The shape of the distribution looks quite different!

We can see this more clearly if we plot both versions next to each other (this is achieved using the command subplot - we will revisit it later so don’t worry too much about that)

plt.subplot(1,2,1)
sns.histplot(heightData["brother"],  bins = range(150,200,5), color='b')
plt.xlabel('brother\'s height') 
plt.ylabel('frequency')
plt.ylim((0,10)) # this sets the y axis limits rather than letting the computer choose them automatically

plt.subplot(1,2,2)
sns.histplot(heightData["brother"],  bins = range(152,202,5), color='b') 
plt.xlabel('brother\'s height') 
plt.ylabel('frequency')
plt.ylim((0,10))

plt.subplots_adjust(wspace = 0.5) # shift the plots sideways so they don't overlap
_images/851b27921a82de8124344d24342f471660c1f4caa0da1985594c563344a3db30.png

Originally (left) the bin boundaries were at 150cm, 155cm, 160cm etc.

In the second histogram (right) the bin boundaries were at 152cm, 157cm, 162cm etc.
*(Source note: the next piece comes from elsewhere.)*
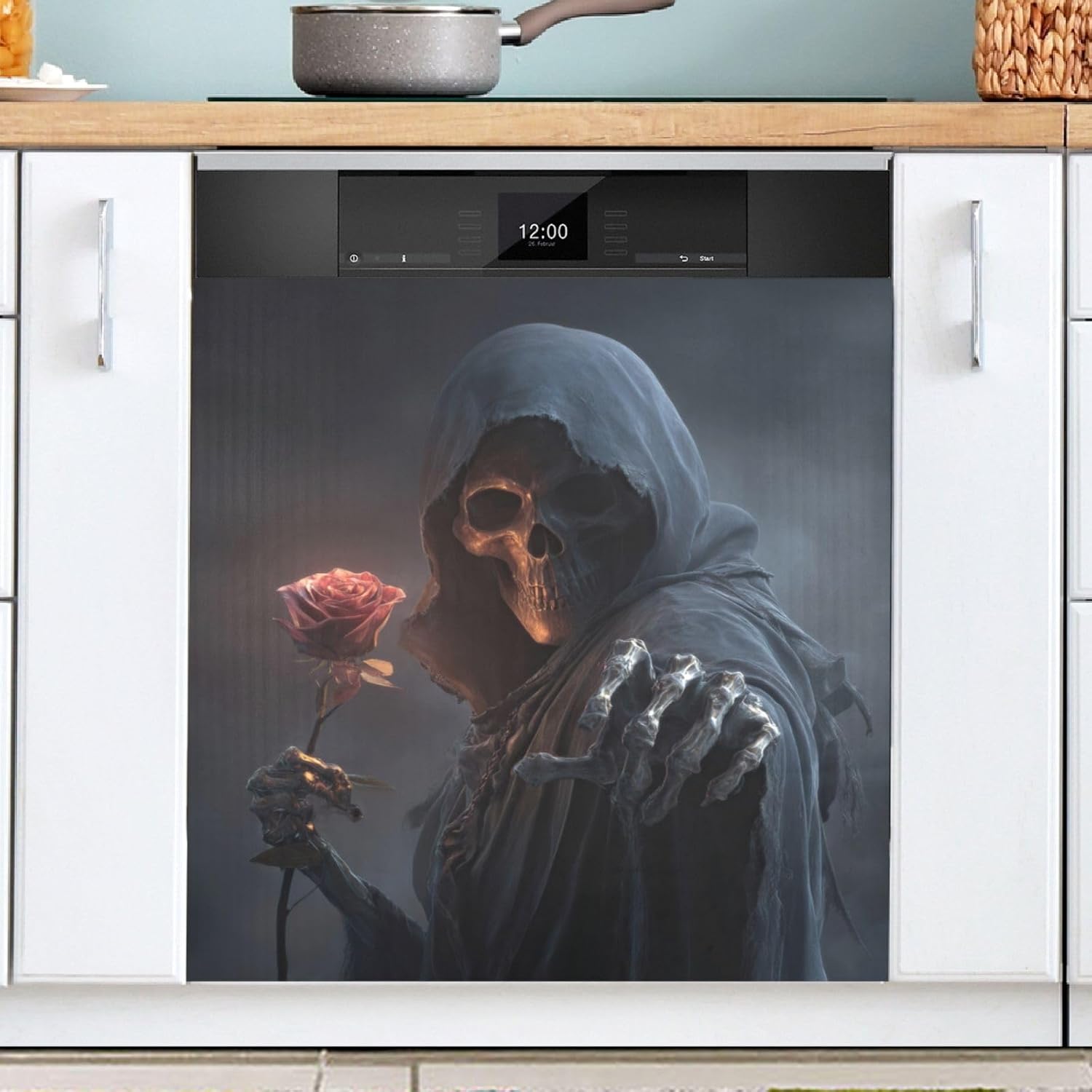 Emelivor Dishwasher Magnet Cover will transform your drab kitchen and it will be the perfect addition to your kitchen! Refresh your kitchen! SPECIFICATION: SIZE: 23(W) x 26(H) IN MATERIAL: PVC Magnetic Soft Sticker PACKAGE INCLUDE: 1 x Magnetic Dishwasher Cover FEATURE: * Standard size fits most dishwashers, refrigerators, etc. If it is not suitable, you can be freely cut to suitable size. * Matte coated surface, heat resistant, stain resistant, scratch resistant, not easy to fade, durable. * Easy to install and remove, peel it and stick it, no sticky residue, no marks. * Easily hide scratches, dents and unsightly marks , and protecting the enclosure of the appliance. * With beautiful patterns, it perfectly complements your home decor and refreshes your kitchen. APPLOCATION: Perfect for kitchen dishwashers, kitchen countertops, kitchen sink cabinets, microwaves, cabinets, refrigerators, washers, dryers and more. Suitable for sticking to metal surfaces (such as iron) or magnetic objects surfaces. GIFT: Beautiful dishwasher cover is a great home decoration, ideal as a housewarming gift, christmas gift, thanksgiving gift, halloween gift, birthday gift for your family, friends, lover and yourself. EASY TO CLEAN: Simply wipe with a damp cloth or hand wash in cold soapy water and air dry. SERVE: We are committed to providing high-quality products to meet the needs of our customers. If you have any questions, please feel free to contact us, we are always ready to help you!

Moving the bin boundaries changed how many observations fell in each bin and thus the shape of the histogram. This can happen easily when you have a small number of observations in each bin (check the y-axis in the above histogram - you can see that moving just one observation makes a big difference to the height of the bars).

For this reason, a histogram may not be the best representation of the data for a small sample.

Exercises#

  • I added a line of code to set the y axis limits to be [0,10] - why do you think I did this?
  • Try removing or commenting it out and see how the two histograms change - is it easier to compare with fixed or automatic y-axis?